### Supplied material
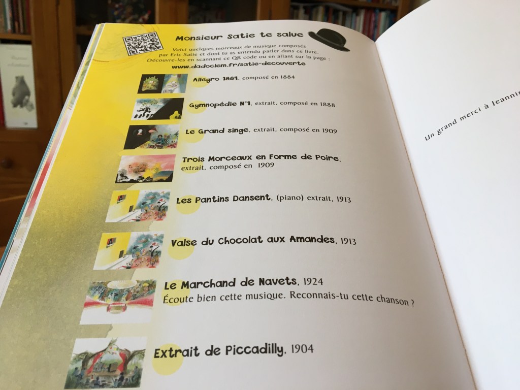 Chapeau bas, bravo et merci Claude Clément et Clémence Monnet pour cette étonnante rencontre avec Erik Satie ! Pour celles et ceux qui se promèneront dans ces pages, rendez-vous à l’écoute des morceaux cités dans l’album, si vous êtes curieux et gourmand.s (peut-être) de valse du chocolat aux amandes… par exemple !
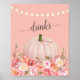 Enjoy this elegant, autumn, floral baby shower for a baby girl. Pinks, corals, and yellow florals with a blush pink background and "drinks" script above pumpkin. String lights at top and pink ribbon wrapped around pumpkin stem.
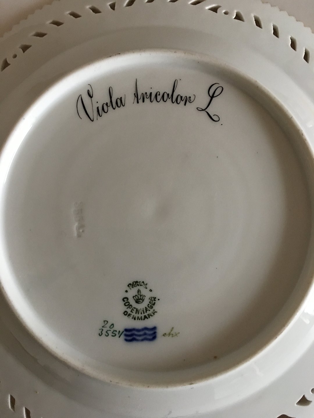 Royal Copenhagen Flora Danica Gennembrudt Frokosttallerken No 20/3554. 23 cm �. Latinsk Navn: Viola Tricolor (Alm. Stedmoderblomst) med gamle stempler fra 1923-1934.

### Required work
Everything above except the pictures needs to be reproduced exactly.

### Written reply
 Chapeau bas, bravo et merci Claude Clément et Clémence Monnet pour cette étonnante rencontre avec Erik Satie ! Pour celles et ceux qui se promèneront dans ces pages, rendez-vous à l’écoute des morceaux cités dans l’album, si vous êtes curieux et gourmand.s (peut-être) de valse du chocolat aux amandes… par exemple !
 Enjoy this elegant, autumn, floral baby shower for a baby girl. Pinks, corals, and yellow florals with a blush pink background and "drinks" script above pumpkin. String lights at top and pink ribbon wrapped around pumpkin stem.
 Royal Copenhagen Flora Danica Gennembrudt Frokosttallerken No 20/3554. 23 cm �. Latinsk Navn: Viola Tricolor (Alm. Stedmoderblomst) med gamle stempler fra 1923-1934.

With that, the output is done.